Comment by tcdent

Comment by tcdent 3 days ago

10 replies

This style of prompting, where you set up a dire scenario in order to try to evoke some "emotional" response from the agent, is already dated. At some point, putting words like IMPORTANT in all uppercase had some measurable impact, but at the present time, models just follow instructions.

Save yourself the experience of having to write and maintain prompts like this.

bcoates 3 days ago

Also the persuasion paper he links isn't at all about what he's talking about.

That paper is about using persuasion prompts to overcome trained in "safety" refusals, not to improve prompt conformance.

  • danshapiro 2 days ago

    Co-Author of the paper here. We don't know exactly why modern llms don't want to call you a jerk, or for that matter why persuasive techniques convince them otherwise. it's not a hard line like many of the guardrails. That said, I talked to Jesse about this, and I strongly suspect the same techniques will work for prompt conformance when the topic is something other than name calling.

    • diamond559 2 days ago

      It's bc they are programmed to be agreeable and friendly so that you'll keep using them.

    • make3 2 days ago

      isn't that just instruction fine tuning and rlhf inducing style & deference? why is that surprising

kasey_junk 3 days ago

What’s irritating is that the llms haven’t learned this as bout themselves yet. If you ask an llm to improve its instructions those sort of improvements are what it will suggest.

It is the thing I find most irritating about working with llms and agents. They seem forever a generation behind in capabilities that are self referential.

  • danielbln 3 days ago

    LLMs will also happily put time estimates on work packages that are based on ore-LLM turn around times.

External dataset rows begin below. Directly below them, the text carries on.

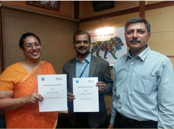
Director, ASE at signing of the MOU

On India's 68 th Independence Day, Hon'ble Prime Minister Shri Narendra Modi in his address to the Nation urged the industry, especially the Micro, Small and Medium Enterprises (MSMEs) of India to manufacture goods in the country with "zero defects" and to ensure that the goods have "zero effect" on the environment. Taking this vision of the Prime Minister into account, ZED is a marquee initiative linked to make in India championed by the Quality Council of India (QCI). To expand the reach of the ZED Program, ZED Cells are being set up at multiple avenues, like – E-commerce, OEMs, Research Centers, Universities, Industry associations and MSME Technology centres.
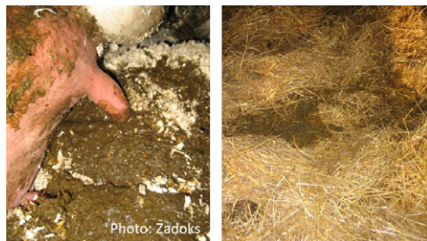
FIGURE 4 Faecal contamination is a major source of exposure to environmental pathogens regardless of the use of sawdust (left), straw (right) or other bedding material.

Faecal shedding has been documented for S. agalactiae (Jørgensen et al., 2016), S. uberis (Zadoks, Tikofsky, & Boor, 2005) and Klebsiella (Munoz et al., 2006), and average faecal prevalence ranges from 5% to 23% and >80%, respectively, with considerable
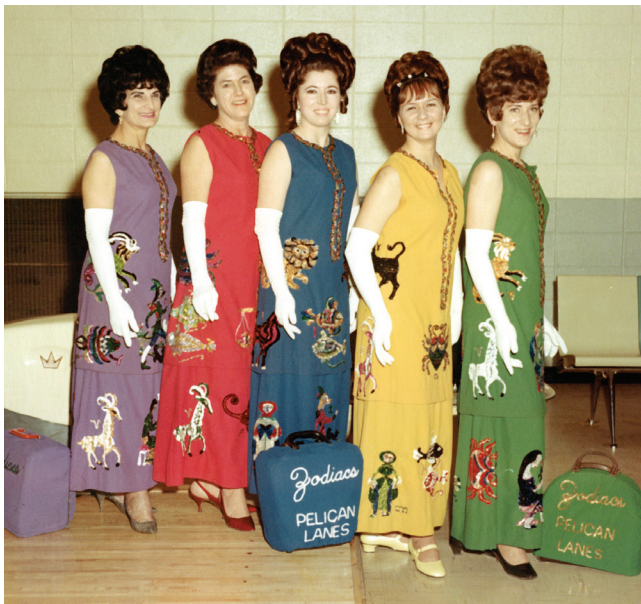
The Zodiacs have worn elaborate outfits since the late 1960s to earn the distinction as the World's Best-Dressed Bowling Team.

she doesn't hold the record for oldest participant at the Women's Championships.
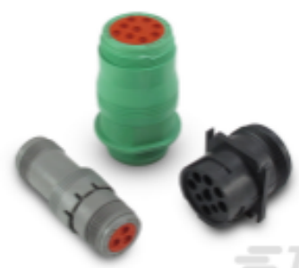
TE Part # CAT-H3910-CH8172 DEUTSCH HD10 HOUSINGS
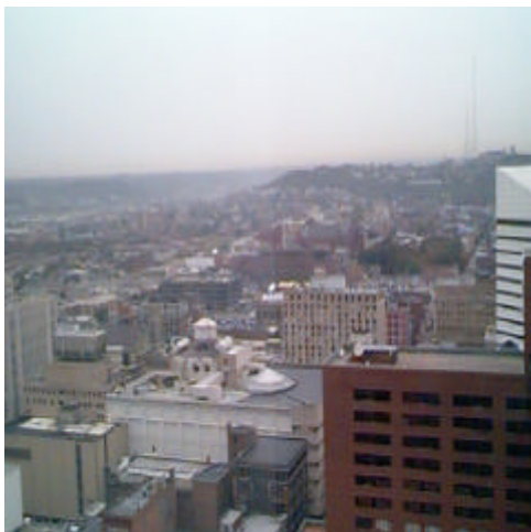
Cincinnati Cityscape from Scene of ORALL Annual Meeting, October 1997
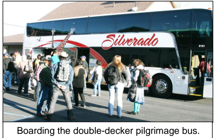
Boarding the double-decker pilgrimage bus.

This awareness-raising April 23 rd 3-day bus journey took travelers 350 miles to the high desert Manzanar National Park on the far side of the Sierra Nevada Mountains just south of Bishop. The pilgrimage was again sponsored by the Florin JACL & the Council on American Islamic Relations–Sacramento Valley (CAIR-SV).
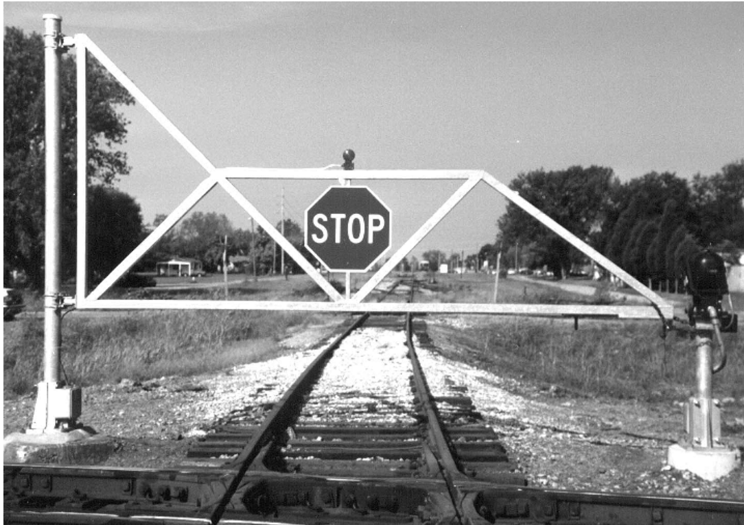
SMASH GATE 250016-000
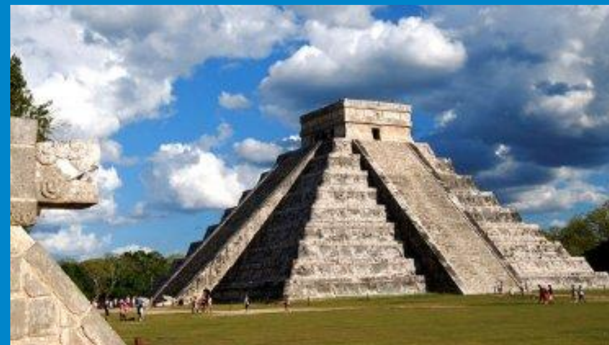
Mexico travel course 2019
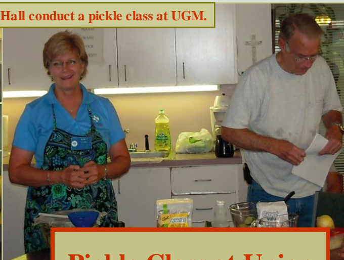
Pickle Class at Union Gospel Mission
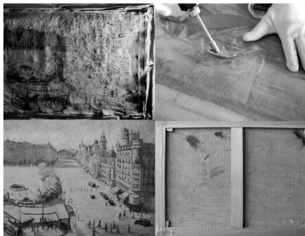
Figure 7.- Intervention process for the work Portrait (Retrato) .

Intervention began with a soft mechanical cleaning on the front and back of the work with brushes of varying hardnesses in order to remove the greasy dust deposits found, particularly in the folds that had formed on the perimeter of the canvas. In order to restore the work its planarity to correctly consolidate the pictorial layers, and since shrinkage of the support had not been confirmed, an impregnation process was carried out with Beva®371 in white spirit (1:1) on a layer of Japanese paper. Next, the work was taken to a heated table where the combination of controlled heat and pressure flattened the work, thus removing the deformations on the support. After cooling under pressure, strips were placed on the perimeters (since these areas were the most damaged and weakest that the
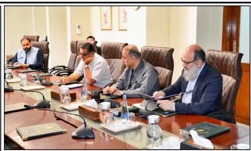
ISLAMABAD: Federal Minister for Commerce, Jam Kamal Khan and Federal Minister for Communication, Abdul Aleem Khan, jointly chairing a cabinet committee dedicated to promoting Pakistani enterprises in global markets.

Khawaja Asif quoted ex Chairman FBR Shabbir Zaidi that during his tenure when FBR planned to implement tax on the cigarette industry, at that time Speaker National Assembly Asad Qaiser pressurized Shabbir Zaidi not to implement taxes on the cigarette industry. The NUST research report on the tobacco sector revealed that Pakistan is losing 310 billion rupees annually due to tax evasion in the tobacco sector.
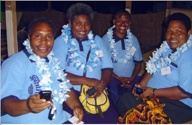
PNG sisters visiting Vanuatu for the rally
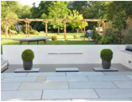
↑ ProJoint<sup>™</sup> Fusion (mid grey) on natural stone paving.

\textit{ProJoint}^{\text{TM}} \ \textit{Fusion (neutral/buff) on natural stone paving}.
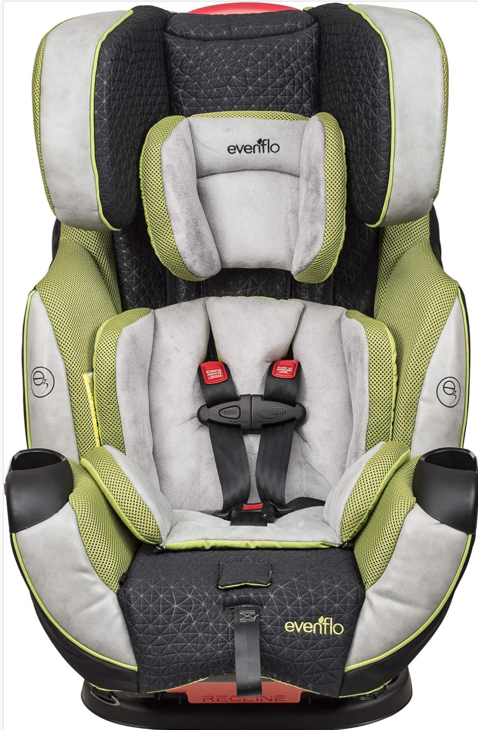
Image 3.1: Detailed front view of the car seat, highlighting the headrest, harness, and integrated cup holders.

    "Phase 2 will take about one week"

    No, Claude, it won't, because you you and I will bang this thing out in a few hours.

    • mceachen 3 days ago

      "Refrain from including estimated task completion times." has been in my ~/.claude/CLAUDE.md for a while. It helps.

      • no-name-here 2 days ago

        Do such instructions take up a tiny bit more attention/context from LLMs, and consequentially is it better to leave it off and just ignore such output?

        • mceachen 2 days ago

          I have to balance this with what I know about my reptile brain. It’s distracting to me when Claude declares that I’m “absolutely right!” or making a “brilliant insight,” so it’s worth it to me to spend the couple context tokens and tell them to avoid these cliches.

          (The latest Claude has a `/context` command that’s great at measuring this stuff btw)

  • conorcleary 2 days ago

    Comments like yours on posts like these by humans like us will create a philosophical lens out of the ether that future LLMs will harvest for free and then paywall.